▸ WHAT YOU WILL DO
Lines from the one containing "Deze blouse straalt" through the last line of the records below are to be repeated exactly.
============
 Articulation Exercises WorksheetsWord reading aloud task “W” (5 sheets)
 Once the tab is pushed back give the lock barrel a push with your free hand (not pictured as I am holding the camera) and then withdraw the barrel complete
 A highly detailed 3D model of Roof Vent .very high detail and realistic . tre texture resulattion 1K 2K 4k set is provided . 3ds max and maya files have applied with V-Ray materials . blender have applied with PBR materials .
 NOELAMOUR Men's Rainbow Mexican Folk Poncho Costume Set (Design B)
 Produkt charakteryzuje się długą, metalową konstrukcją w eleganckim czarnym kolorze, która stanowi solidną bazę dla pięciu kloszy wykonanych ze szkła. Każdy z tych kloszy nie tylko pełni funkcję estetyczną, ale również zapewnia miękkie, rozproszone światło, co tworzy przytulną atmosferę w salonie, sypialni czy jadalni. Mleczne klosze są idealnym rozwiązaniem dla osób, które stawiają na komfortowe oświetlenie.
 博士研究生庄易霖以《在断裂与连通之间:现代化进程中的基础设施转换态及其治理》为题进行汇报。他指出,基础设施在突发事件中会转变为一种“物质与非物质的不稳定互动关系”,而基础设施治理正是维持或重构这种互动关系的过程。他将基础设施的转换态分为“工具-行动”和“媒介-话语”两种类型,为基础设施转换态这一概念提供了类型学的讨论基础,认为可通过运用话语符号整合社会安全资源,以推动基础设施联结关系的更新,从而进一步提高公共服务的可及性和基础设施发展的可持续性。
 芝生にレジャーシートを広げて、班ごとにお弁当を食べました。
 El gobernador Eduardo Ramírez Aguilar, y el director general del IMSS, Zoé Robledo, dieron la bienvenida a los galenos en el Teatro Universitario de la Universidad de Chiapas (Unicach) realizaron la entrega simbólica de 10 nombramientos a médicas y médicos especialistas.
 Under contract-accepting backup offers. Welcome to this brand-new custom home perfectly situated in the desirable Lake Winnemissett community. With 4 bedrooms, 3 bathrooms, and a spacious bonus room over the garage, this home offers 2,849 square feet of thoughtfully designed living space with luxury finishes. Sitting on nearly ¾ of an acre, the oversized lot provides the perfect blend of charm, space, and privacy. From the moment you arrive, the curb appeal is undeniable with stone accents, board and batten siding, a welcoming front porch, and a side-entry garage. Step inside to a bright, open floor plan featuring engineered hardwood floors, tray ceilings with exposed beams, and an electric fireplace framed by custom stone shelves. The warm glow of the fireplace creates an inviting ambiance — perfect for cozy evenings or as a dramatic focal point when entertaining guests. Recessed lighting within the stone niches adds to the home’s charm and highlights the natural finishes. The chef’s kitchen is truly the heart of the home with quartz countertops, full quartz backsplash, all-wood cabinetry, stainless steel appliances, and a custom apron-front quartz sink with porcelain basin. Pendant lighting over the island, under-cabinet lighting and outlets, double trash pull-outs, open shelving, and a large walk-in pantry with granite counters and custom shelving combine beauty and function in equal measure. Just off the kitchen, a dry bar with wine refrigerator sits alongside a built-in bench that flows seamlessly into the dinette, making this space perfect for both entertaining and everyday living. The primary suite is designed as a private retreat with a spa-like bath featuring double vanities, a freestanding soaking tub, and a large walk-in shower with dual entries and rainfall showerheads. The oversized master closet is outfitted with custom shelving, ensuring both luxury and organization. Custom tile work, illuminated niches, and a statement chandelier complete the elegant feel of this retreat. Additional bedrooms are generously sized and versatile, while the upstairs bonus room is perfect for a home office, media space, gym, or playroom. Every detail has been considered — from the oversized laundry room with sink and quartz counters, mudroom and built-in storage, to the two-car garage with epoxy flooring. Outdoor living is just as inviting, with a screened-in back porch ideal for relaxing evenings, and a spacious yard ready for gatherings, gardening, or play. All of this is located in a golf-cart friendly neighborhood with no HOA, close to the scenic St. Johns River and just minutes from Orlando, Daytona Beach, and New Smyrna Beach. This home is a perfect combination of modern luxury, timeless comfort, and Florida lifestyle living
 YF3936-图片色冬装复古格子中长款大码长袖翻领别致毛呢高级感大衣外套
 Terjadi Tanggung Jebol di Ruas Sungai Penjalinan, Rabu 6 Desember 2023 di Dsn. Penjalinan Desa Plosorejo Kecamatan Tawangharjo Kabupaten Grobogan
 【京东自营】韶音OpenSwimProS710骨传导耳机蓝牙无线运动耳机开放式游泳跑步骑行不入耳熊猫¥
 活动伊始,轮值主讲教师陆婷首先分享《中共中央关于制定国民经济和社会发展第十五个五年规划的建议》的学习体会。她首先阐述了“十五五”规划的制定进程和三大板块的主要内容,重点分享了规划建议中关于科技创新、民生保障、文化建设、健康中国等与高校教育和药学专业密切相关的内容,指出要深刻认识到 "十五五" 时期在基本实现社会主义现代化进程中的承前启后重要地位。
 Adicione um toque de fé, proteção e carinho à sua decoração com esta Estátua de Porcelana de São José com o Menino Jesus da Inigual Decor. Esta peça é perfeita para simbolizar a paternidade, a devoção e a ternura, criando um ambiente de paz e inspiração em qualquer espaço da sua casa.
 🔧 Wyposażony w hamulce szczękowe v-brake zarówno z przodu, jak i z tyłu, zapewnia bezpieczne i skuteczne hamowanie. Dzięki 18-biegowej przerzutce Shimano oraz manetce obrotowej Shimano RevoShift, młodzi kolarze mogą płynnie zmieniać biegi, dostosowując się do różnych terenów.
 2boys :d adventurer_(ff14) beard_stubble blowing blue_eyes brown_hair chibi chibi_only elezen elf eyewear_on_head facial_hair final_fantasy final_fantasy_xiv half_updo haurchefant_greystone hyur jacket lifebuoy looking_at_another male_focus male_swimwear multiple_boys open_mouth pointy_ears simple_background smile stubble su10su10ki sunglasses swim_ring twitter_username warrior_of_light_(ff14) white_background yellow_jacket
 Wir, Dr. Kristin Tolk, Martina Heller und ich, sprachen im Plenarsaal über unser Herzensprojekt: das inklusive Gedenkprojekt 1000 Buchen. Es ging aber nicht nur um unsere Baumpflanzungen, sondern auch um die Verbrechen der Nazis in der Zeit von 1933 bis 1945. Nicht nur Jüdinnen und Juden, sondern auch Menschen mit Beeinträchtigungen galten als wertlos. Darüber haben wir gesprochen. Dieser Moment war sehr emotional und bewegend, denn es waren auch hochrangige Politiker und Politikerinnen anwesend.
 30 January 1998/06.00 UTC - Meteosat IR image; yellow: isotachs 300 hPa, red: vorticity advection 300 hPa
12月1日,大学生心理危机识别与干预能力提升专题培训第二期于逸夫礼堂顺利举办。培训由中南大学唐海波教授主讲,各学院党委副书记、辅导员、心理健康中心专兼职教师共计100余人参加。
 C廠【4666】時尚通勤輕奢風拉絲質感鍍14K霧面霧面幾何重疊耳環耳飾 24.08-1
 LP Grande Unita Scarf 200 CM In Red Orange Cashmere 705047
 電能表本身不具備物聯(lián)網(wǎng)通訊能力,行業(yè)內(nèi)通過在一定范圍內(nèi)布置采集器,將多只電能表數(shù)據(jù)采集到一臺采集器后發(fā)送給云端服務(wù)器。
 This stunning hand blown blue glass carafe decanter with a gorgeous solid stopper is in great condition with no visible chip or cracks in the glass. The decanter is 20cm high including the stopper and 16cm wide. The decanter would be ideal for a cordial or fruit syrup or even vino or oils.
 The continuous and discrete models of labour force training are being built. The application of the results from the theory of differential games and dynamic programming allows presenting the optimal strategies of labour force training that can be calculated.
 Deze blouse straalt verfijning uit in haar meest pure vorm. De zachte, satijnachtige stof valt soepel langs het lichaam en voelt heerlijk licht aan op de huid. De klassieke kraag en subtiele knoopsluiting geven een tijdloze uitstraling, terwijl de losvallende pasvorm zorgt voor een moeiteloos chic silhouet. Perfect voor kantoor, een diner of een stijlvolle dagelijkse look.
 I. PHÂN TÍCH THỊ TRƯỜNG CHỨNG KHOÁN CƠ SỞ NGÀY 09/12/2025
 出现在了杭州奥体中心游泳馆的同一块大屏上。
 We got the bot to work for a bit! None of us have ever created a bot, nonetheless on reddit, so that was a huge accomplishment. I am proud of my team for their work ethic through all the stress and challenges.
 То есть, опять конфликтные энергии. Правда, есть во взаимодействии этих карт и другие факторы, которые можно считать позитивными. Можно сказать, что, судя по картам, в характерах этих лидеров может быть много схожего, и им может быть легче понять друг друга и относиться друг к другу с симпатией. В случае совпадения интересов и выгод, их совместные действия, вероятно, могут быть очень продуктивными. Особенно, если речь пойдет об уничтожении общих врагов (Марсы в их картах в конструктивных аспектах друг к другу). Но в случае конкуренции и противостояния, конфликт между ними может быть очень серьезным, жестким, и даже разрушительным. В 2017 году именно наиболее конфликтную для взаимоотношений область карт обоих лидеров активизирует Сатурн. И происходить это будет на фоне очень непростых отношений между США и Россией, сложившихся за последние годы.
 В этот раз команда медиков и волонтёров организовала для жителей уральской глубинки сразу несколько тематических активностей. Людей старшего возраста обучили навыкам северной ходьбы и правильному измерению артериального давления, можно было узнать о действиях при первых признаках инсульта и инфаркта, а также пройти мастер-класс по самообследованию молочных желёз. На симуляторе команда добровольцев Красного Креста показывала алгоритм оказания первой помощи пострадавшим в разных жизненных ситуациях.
============
▸ ANSWER FOR THE TASK
 Deze blouse straalt verfijning uit in haar meest pure vorm. De zachte, satijnachtige stof valt soepel langs het lichaam en voelt heerlijk licht aan op de huid. De klassieke kraag en subtiele knoopsluiting geven een tijdloze uitstraling, terwijl de losvallende pasvorm zorgt voor een moeiteloos chic silhouet. Perfect voor kantoor, een diner of een stijlvolle dagelijkse look.
 I. PHÂN TÍCH THỊ TRƯỜNG CHỨNG KHOÁN CƠ SỞ NGÀY 09/12/2025
 出现在了杭州奥体中心游泳馆的同一块大屏上。
 We got the bot to work for a bit! None of us have ever created a bot, nonetheless on reddit, so that was a huge accomplishment. I am proud of my team for their work ethic through all the stress and challenges.
 То есть, опять конфликтные энергии. Правда, есть во взаимодействии этих карт и другие факторы, которые можно считать позитивными. Можно сказать, что, судя по картам, в характерах этих лидеров может быть много схожего, и им может быть легче понять друг друга и относиться друг к другу с симпатией. В случае совпадения интересов и выгод, их совместные действия, вероятно, могут быть очень продуктивными. Особенно, если речь пойдет об уничтожении общих врагов (Марсы в их картах в конструктивных аспектах друг к другу). Но в случае конкуренции и противостояния, конфликт между ними может быть очень серьезным, жестким, и даже разрушительным. В 2017 году именно наиболее конфликтную для взаимоотношений область карт обоих лидеров активизирует Сатурн. И происходить это будет на фоне очень непростых отношений между США и Россией, сложившихся за последние годы.
 В этот раз команда медиков и волонтёров организовала для жителей уральской глубинки сразу несколько тематических активностей. Людей старшего возраста обучили навыкам северной ходьбы и правильному измерению артериального давления, можно было узнать о действиях при первых признаках инсульта и инфаркта, а также пройти мастер-класс по самообследованию молочных желёз. На симуляторе команда добровольцев Красного Креста показывала алгоритм оказания первой помощи пострадавшим в разных жизненных ситуациях.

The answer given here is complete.